*** Opening Records to use ***
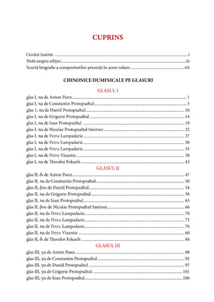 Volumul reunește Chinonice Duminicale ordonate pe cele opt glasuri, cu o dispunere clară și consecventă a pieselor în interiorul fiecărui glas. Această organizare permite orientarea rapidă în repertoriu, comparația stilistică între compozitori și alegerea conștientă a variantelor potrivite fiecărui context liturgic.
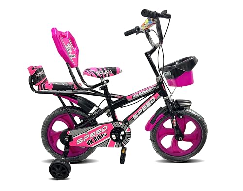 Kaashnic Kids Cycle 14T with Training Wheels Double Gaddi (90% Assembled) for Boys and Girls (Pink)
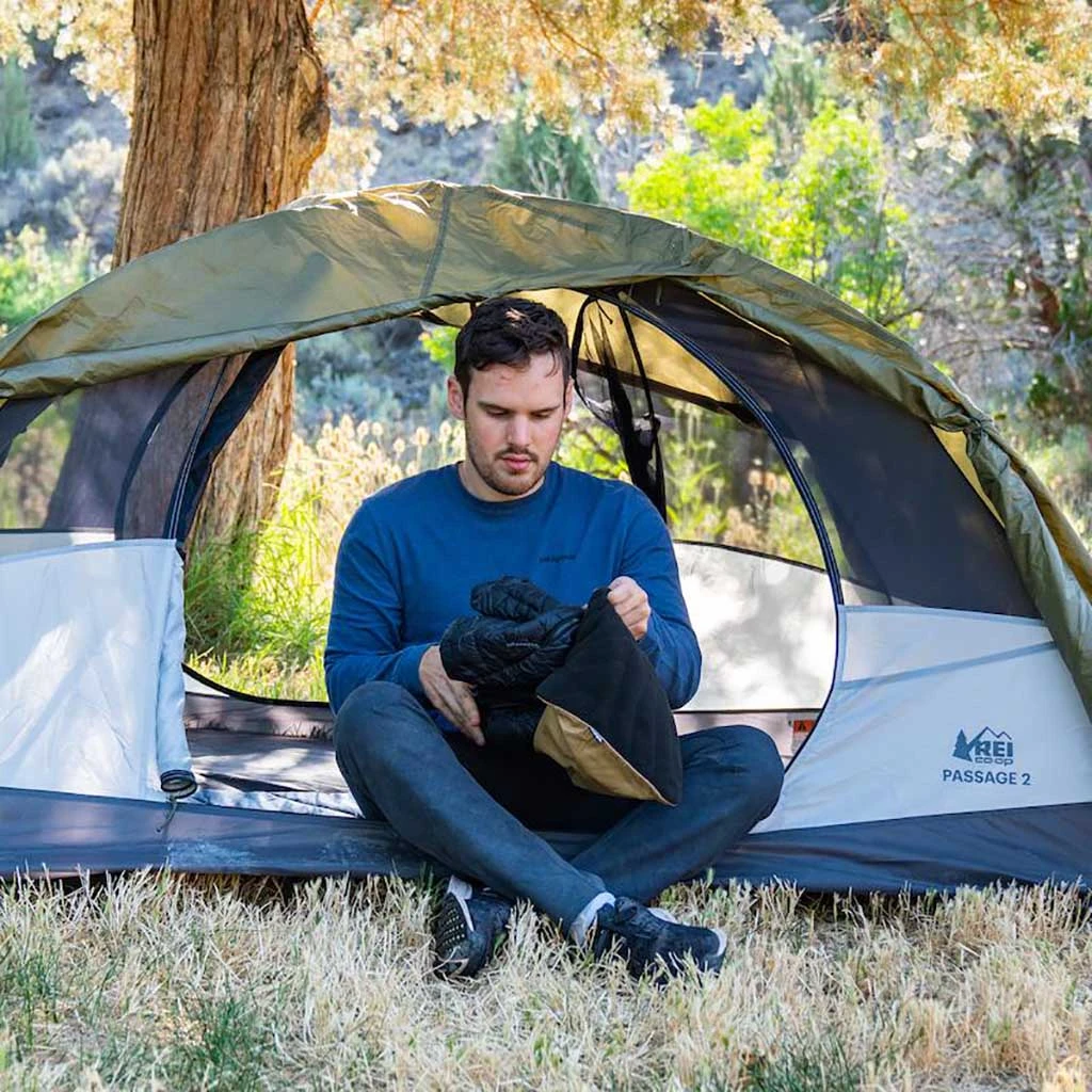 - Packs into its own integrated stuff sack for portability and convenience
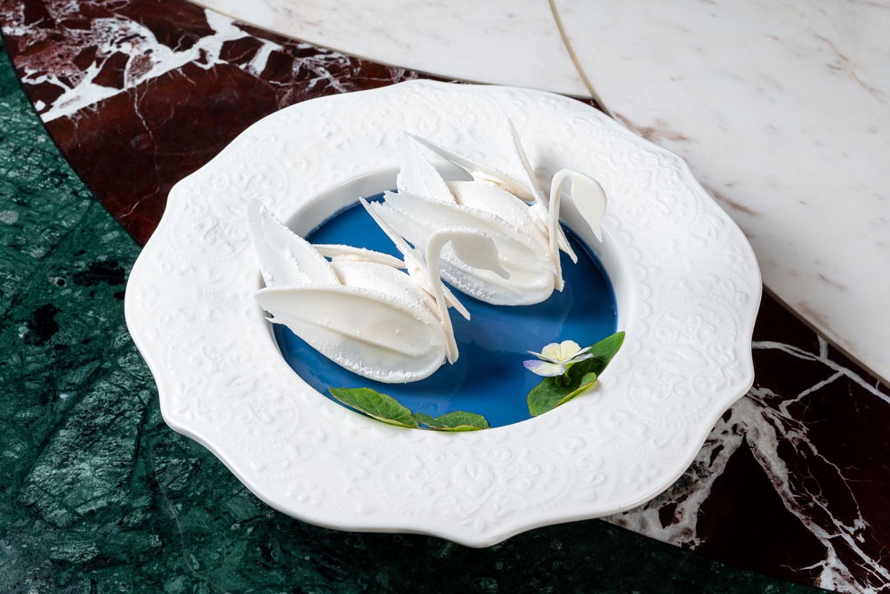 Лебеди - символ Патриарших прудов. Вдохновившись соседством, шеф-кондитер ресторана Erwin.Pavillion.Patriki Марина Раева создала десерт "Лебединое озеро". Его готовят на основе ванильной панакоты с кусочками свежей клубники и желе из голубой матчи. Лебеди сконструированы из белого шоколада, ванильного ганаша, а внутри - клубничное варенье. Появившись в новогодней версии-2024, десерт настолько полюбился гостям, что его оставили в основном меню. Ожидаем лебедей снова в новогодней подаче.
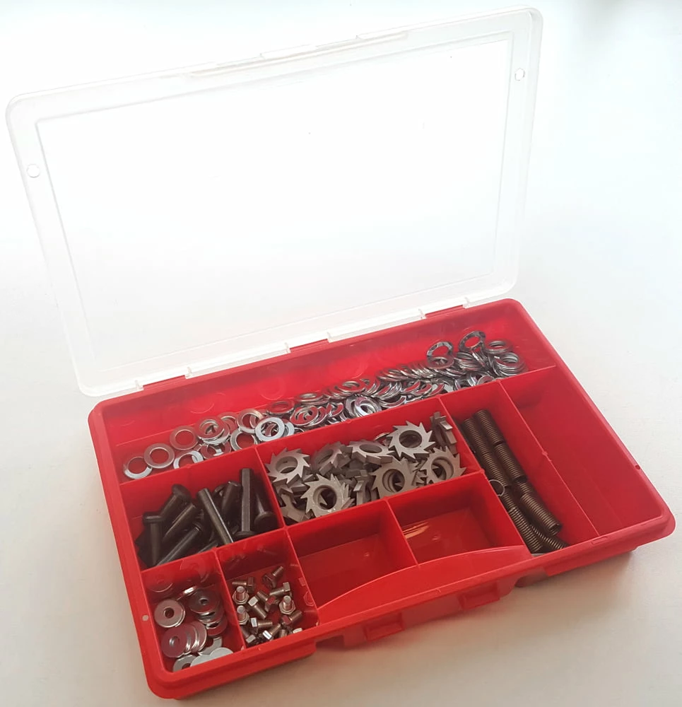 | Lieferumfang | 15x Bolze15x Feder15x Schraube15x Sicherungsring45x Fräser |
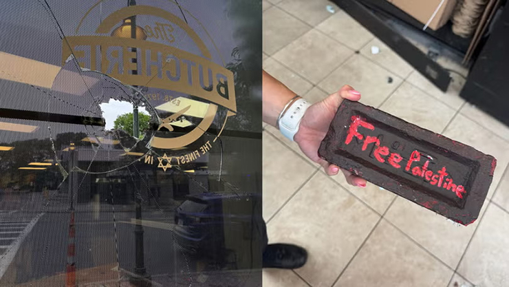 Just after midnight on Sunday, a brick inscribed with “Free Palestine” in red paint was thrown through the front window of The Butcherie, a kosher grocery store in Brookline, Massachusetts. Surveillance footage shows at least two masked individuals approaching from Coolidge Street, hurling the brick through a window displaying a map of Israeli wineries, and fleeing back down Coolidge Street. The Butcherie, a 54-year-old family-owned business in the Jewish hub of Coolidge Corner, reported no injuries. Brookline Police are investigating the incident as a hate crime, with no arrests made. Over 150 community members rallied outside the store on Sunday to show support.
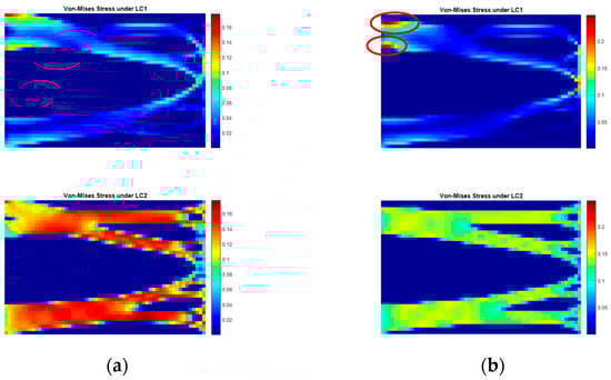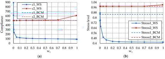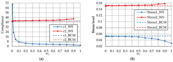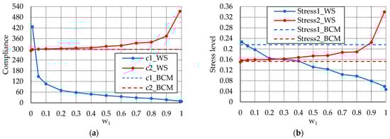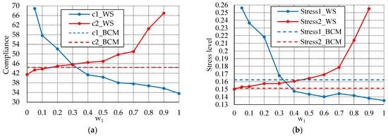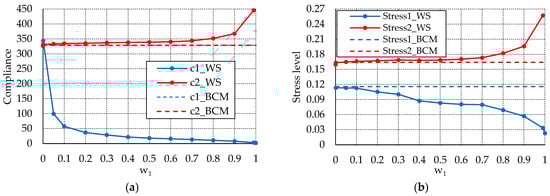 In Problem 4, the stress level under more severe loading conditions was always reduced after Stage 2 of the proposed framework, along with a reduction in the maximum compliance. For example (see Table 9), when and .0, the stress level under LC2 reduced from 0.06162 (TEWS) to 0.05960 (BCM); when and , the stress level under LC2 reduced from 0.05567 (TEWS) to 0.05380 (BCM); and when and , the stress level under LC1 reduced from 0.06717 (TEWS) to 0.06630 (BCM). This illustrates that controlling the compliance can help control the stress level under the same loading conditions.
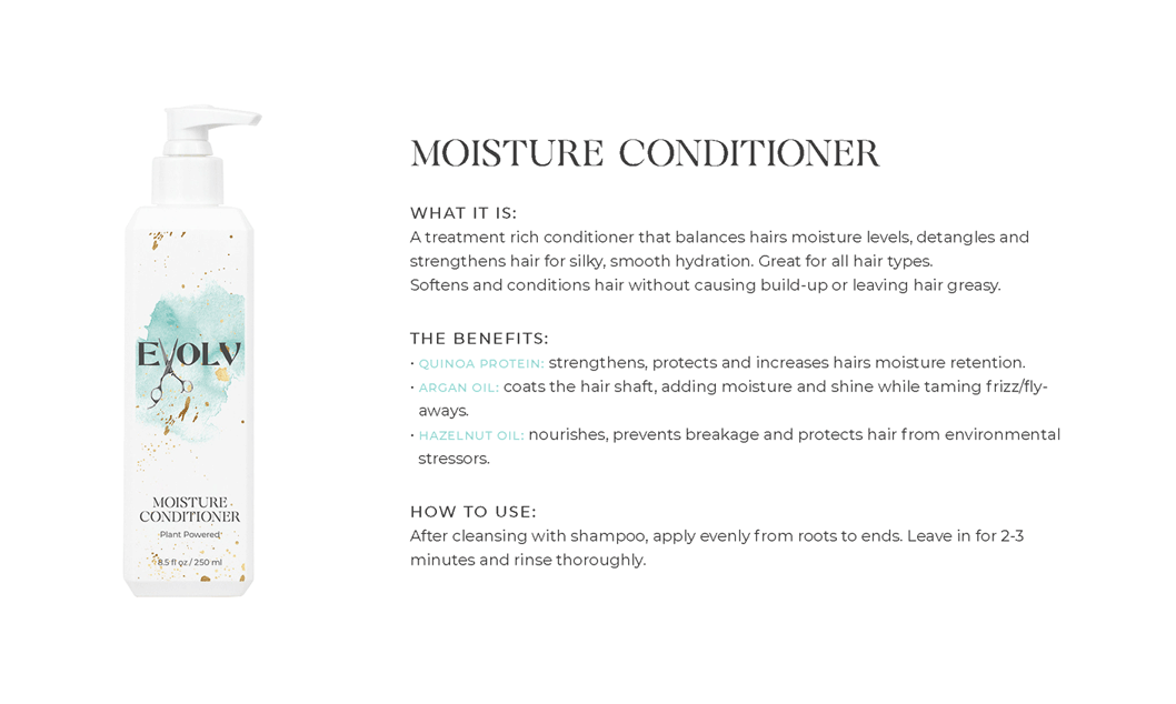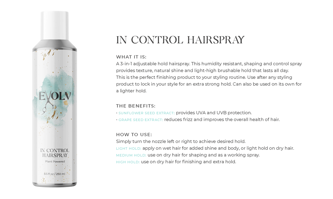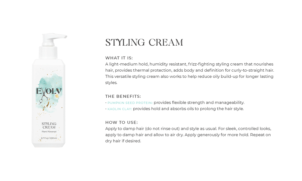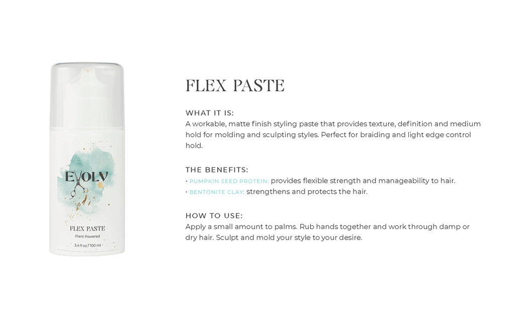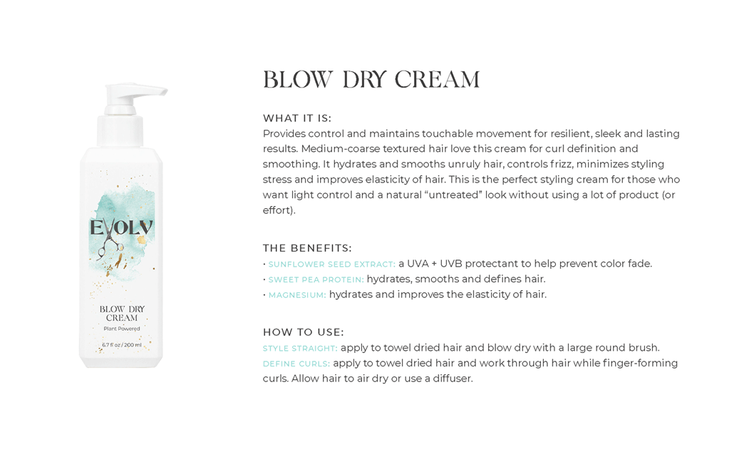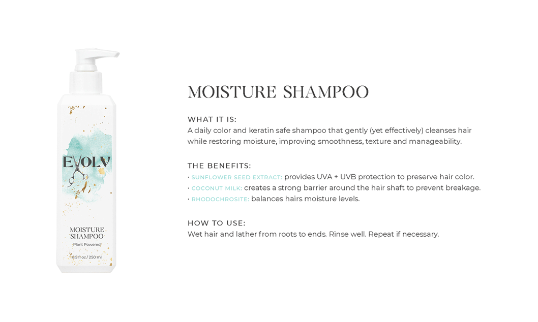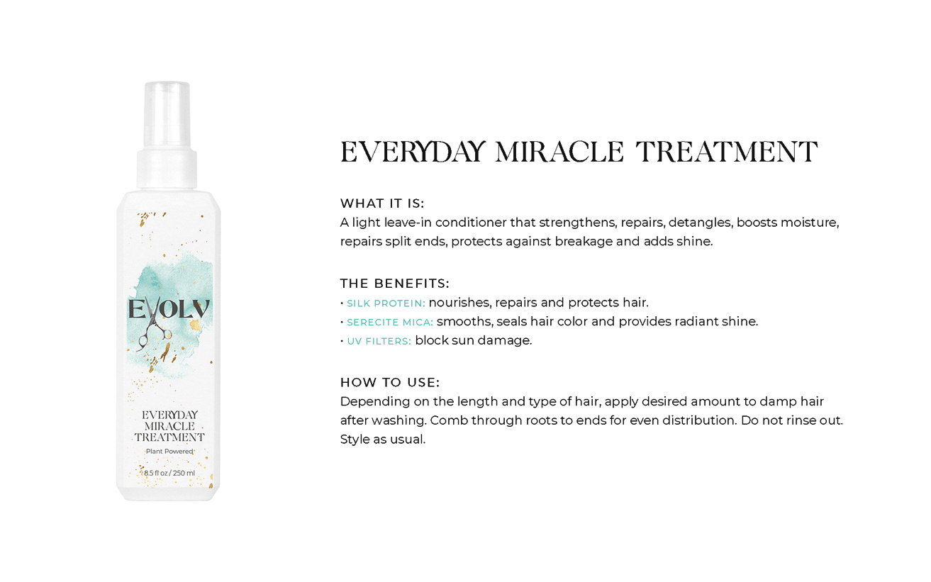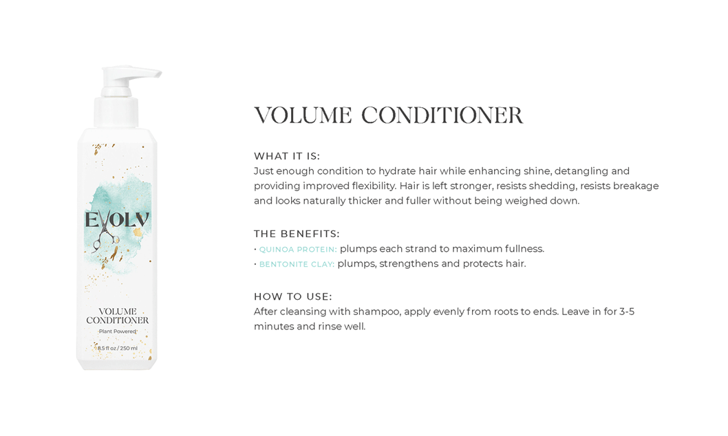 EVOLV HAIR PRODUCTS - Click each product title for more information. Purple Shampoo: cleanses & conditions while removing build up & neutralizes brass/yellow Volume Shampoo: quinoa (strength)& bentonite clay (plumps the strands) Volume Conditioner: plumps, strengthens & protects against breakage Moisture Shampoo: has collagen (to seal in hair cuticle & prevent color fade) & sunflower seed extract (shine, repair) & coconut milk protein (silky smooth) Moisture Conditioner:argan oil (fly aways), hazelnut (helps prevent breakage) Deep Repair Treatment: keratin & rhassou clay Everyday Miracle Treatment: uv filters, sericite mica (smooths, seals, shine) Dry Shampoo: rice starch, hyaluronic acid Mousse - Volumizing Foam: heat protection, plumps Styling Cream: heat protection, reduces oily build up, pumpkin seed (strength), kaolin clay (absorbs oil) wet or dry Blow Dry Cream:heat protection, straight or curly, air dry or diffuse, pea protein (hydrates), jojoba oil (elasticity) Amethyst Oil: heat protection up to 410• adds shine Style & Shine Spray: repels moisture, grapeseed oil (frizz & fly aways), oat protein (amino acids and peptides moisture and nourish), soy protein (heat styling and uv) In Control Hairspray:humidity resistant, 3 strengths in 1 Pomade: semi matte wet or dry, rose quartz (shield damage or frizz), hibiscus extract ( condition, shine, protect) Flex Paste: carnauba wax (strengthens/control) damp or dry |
*** Closing Records to use ***
| Assignment |
Output the entries above verbatim, leaving out images.

| Response |
 Volumul reunește Chinonice Duminicale ordonate pe cele opt glasuri, cu o dispunere clară și consecventă a pieselor în interiorul fiecărui glas. Această organizare permite orientarea rapidă în repertoriu, comparația stilistică între compozitori și alegerea conștientă a variantelor potrivite fiecărui context liturgic.
 Kaashnic Kids Cycle 14T with Training Wheels Double Gaddi (90% Assembled) for Boys and Girls (Pink)
 - Packs into its own integrated stuff sack for portability and convenience
 Лебеди - символ Патриарших прудов. Вдохновившись соседством, шеф-кондитер ресторана Erwin.Pavillion.Patriki Марина Раева создала десерт "Лебединое озеро". Его готовят на основе ванильной панакоты с кусочками свежей клубники и желе из голубой матчи. Лебеди сконструированы из белого шоколада, ванильного ганаша, а внутри - клубничное варенье. Появившись в новогодней версии-2024, десерт настолько полюбился гостям, что его оставили в основном меню. Ожидаем лебедей снова в новогодней подаче.
 | Lieferumfang | 15x Bolze15x Feder15x Schraube15x Sicherungsring45x Fräser |
 Just after midnight on Sunday, a brick inscribed with “Free Palestine” in red paint was thrown through the front window of The Butcherie, a kosher grocery store in Brookline, Massachusetts. Surveillance footage shows at least two masked individuals approaching from Coolidge Street, hurling the brick through a window displaying a map of Israeli wineries, and fleeing back down Coolidge Street. The Butcherie, a 54-year-old family-owned business in the Jewish hub of Coolidge Corner, reported no injuries. Brookline Police are investigating the incident as a hate crime, with no arrests made. Over 150 community members rallied outside the store on Sunday to show support.
 In Problem 4, the stress level under more severe loading conditions was always reduced after Stage 2 of the proposed framework, along with a reduction in the maximum compliance. For example (see Table 9), when and .0, the stress level under LC2 reduced from 0.06162 (TEWS) to 0.05960 (BCM); when and , the stress level under LC2 reduced from 0.05567 (TEWS) to 0.05380 (BCM); and when and , the stress level under LC1 reduced from 0.06717 (TEWS) to 0.06630 (BCM). This illustrates that controlling the compliance can help control the stress level under the same loading conditions.
 EVOLV HAIR PRODUCTS - Click each product title for more information. Purple Shampoo: cleanses & conditions while removing build up & neutralizes brass/yellow Volume Shampoo: quinoa (strength)& bentonite clay (plumps the strands) Volume Conditioner: plumps, strengthens & protects against breakage Moisture Shampoo: has collagen (to seal in hair cuticle & prevent color fade) & sunflower seed extract (shine, repair) & coconut milk protein (silky smooth) Moisture Conditioner:argan oil (fly aways), hazelnut (helps prevent breakage) Deep Repair Treatment: keratin & rhassou clay Everyday Miracle Treatment: uv filters, sericite mica (smooths, seals, shine) Dry Shampoo: rice starch, hyaluronic acid Mousse - Volumizing Foam: heat protection, plumps Styling Cream: heat protection, reduces oily build up, pumpkin seed (strength), kaolin clay (absorbs oil) wet or dry Blow Dry Cream:heat protection, straight or curly, air dry or diffuse, pea protein (hydrates), jojoba oil (elasticity) Amethyst Oil: heat protection up to 410• adds shine Style & Shine Spray: repels moisture, grapeseed oil (frizz & fly aways), oat protein (amino acids and peptides moisture and nourish), soy protein (heat styling and uv) In Control Hairspray:humidity resistant, 3 strengths in 1 Pomade: semi matte wet or dry, rose quartz (shield damage or frizz), hibiscus extract ( condition, shine, protect) Flex Paste: carnauba wax (strengthens/control) damp or dry |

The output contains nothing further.